#### Data block:
· · · · · · ·

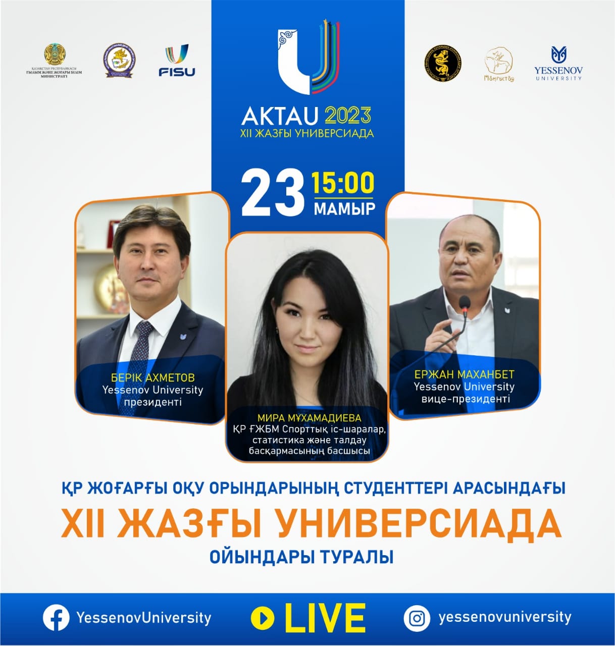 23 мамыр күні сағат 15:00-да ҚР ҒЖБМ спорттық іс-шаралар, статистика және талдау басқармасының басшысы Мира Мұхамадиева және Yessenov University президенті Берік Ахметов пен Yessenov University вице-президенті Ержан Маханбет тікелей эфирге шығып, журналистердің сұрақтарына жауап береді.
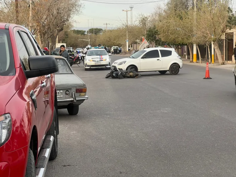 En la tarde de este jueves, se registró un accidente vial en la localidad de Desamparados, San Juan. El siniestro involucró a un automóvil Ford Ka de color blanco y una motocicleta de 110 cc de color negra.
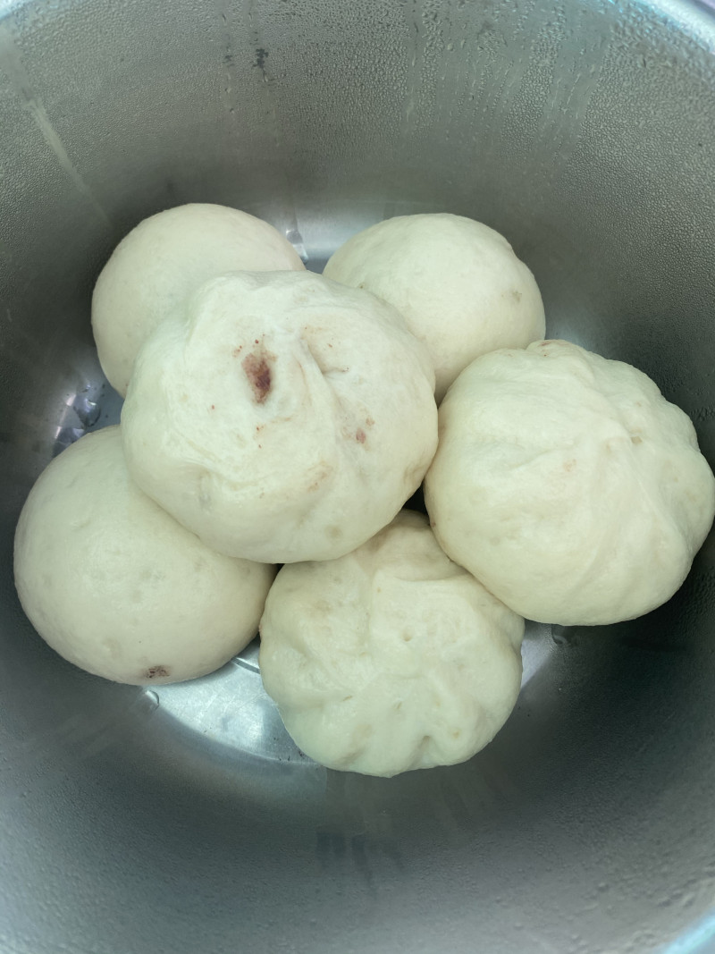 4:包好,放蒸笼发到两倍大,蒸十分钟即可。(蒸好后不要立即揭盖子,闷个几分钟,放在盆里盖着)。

· · · · · · ·

#### Activity:
Repeat every line of the data exactly, but do not include pictures.

#### Response to this exercise:
 23 мамыр күні сағат 15:00-да ҚР ҒЖБМ спорттық іс-шаралар, статистика және талдау басқармасының басшысы Мира Мұхамадиева және Yessenov University президенті Берік Ахметов пен Yessenov University вице-президенті Ержан Маханбет тікелей эфирге шығып, журналистердің сұрақтарына жауап береді.
 En la tarde de este jueves, se registró un accidente vial en la localidad de Desamparados, San Juan. El siniestro involucró a un automóvil Ford Ka de color blanco y una motocicleta de 110 cc de color negra.
 4:包好,放蒸笼发到两倍大,蒸十分钟即可。(蒸好后不要立即揭盖子,闷个几分钟,放在盆里盖着)。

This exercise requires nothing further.